Tal vez Lupo se retrajo un poco.
—Correcto, Falco. —Se puso de pie y ya se marchaba—. Mandúmero dirige el equipo local. Tendrás que preguntarle a él.
No hubo nada en su tono de voz que diera a entender directamente que existía una enemistad, pero aun así, tuve la impresión de que él y Mandúmero no eran amigos.
—Por cierto, Falco —me informó, al tiempo que nos separábamos—, Pomponio me pidió que te transmitiera sus disculpas; te confundió con un vendedor ambulante, hay muchos que vienen por aquí a molestar.
—Me confundió, ¿eh?
—Te manda un mensaje, ha encontrado el pergamino que explica tu presencia. Quiere enseñarte todo el proyecto de la obra. Mañana. En la sala de planos.
—¡Entonces me parece que tendré ocupado todo el día!
Él esbozó una sonrisa.
Helena vino conmigo de Noviomago para la presentación del proyecto. Al llegar al palacio, paseamos por la parte andamiada y observarnos el tejado desde donde el pobre Vala debió de caerse y encontrar la muerte.
Parecía que, sencillamente, habían mandado a un hombre arriba, solo, a demasiada altura con una protección inadecuada. Parecía.
Nos quedaba tiempo. Al volver, inspeccionamos lo que ellos llamaban «la vieja casa». El palacio de Togidubno, su recompensa por dejar entrar a los romanos en Britania, debía de destacar en esa tierra de poblados fortificados y casuchas en el bosque. Incluso esa primera versión era una joya. Sus compatriotas reyes y sus tribus todavía vivían en grandes chozas redondas, con agujeros para dejar salir el humo en sus tejados puntiagudos, donde varias familias se apretujaban alegremente junto con sus pollos, sus garrapatas y sus cabras preferidas; pero Togi estaba instalado de manera fabulosa. El ámbito principal de la casa real consistía en un magnífico y sólido edificio de piedra de estilo romano. Sería una propiedad deseable si estuviera emplazado en las costas del lago que había en Nemi; en medio de esa jungla era una auténtica birria.
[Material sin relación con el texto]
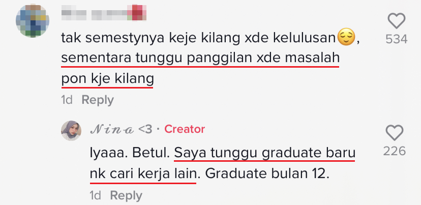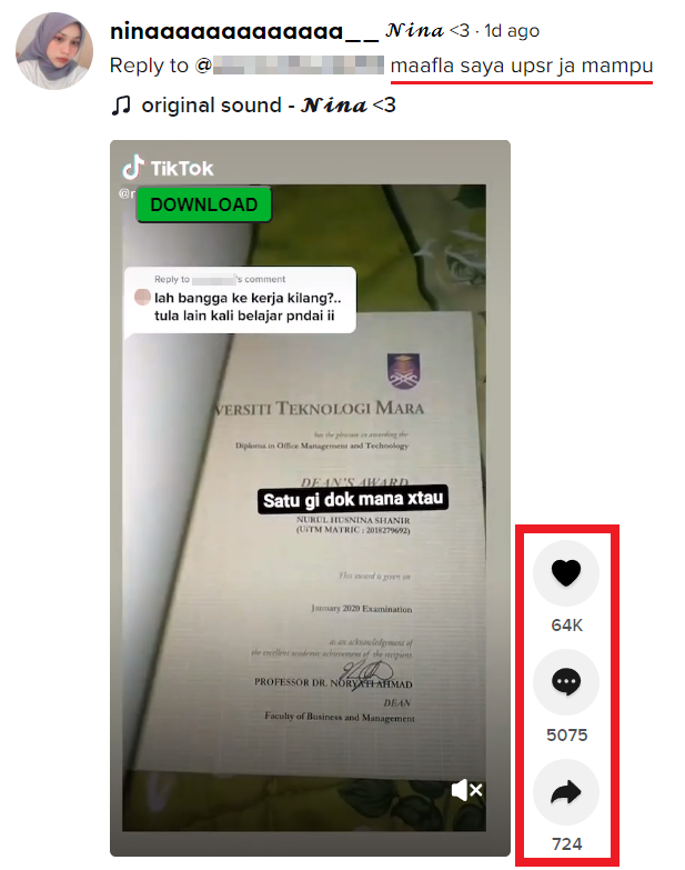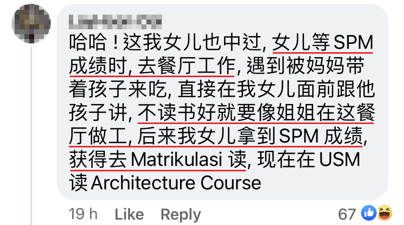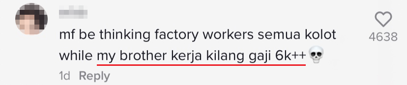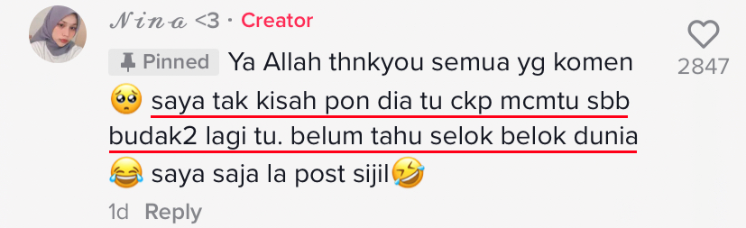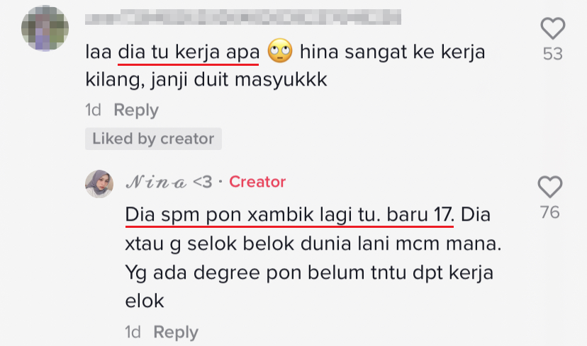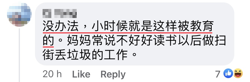 名为“Nina”的工厂职员日前在 Tiktok 看到一条恶意评论,一名网民刻意在她的其中一则帖文留言:「在工厂做工很自豪吗?以后要好好读书知道吗?!」Nina看到以后就以分享视频的方式回应写道:「不好意思啦,我只有UPSR的资格!」

Una galería doble ofrecía protección de las inclemencias del tiempo y se abría sobre un extenso jardín con columnatas. Estaba bien cuidado; había alguien que disfrutaba de esa comodidad. En el lado que daba al mar, un poco apartados del conjunto de habitaciones destinadas a vivienda para más seguridad, se hallaban los inconfundibles tejados abovedados de las que bien pudieran ser las únicas termas de la provincia. El humo suave de la caldera nos dio a entender que Vespasiano no tenía ninguna necesidad de enviarle al rey un preparador-civilizador que le enseñara para qué servían los baños.
Helena me llevó a rastras a explorar. Hice que tuviera cuidado, ya que los constructores estaban en proceso de arrancar algunos detalles arquitectónicos. Entre ellos se incluían las columnatas que rodeaban el jardín; tenían unos capiteles muy poco corrientes y bastante elegantes, con unas extravagantes volutas en forma de cuerno de carnero de entre las que unos inquietantes rostros tribales coronados con hojas de roble nos miraban detenidamente.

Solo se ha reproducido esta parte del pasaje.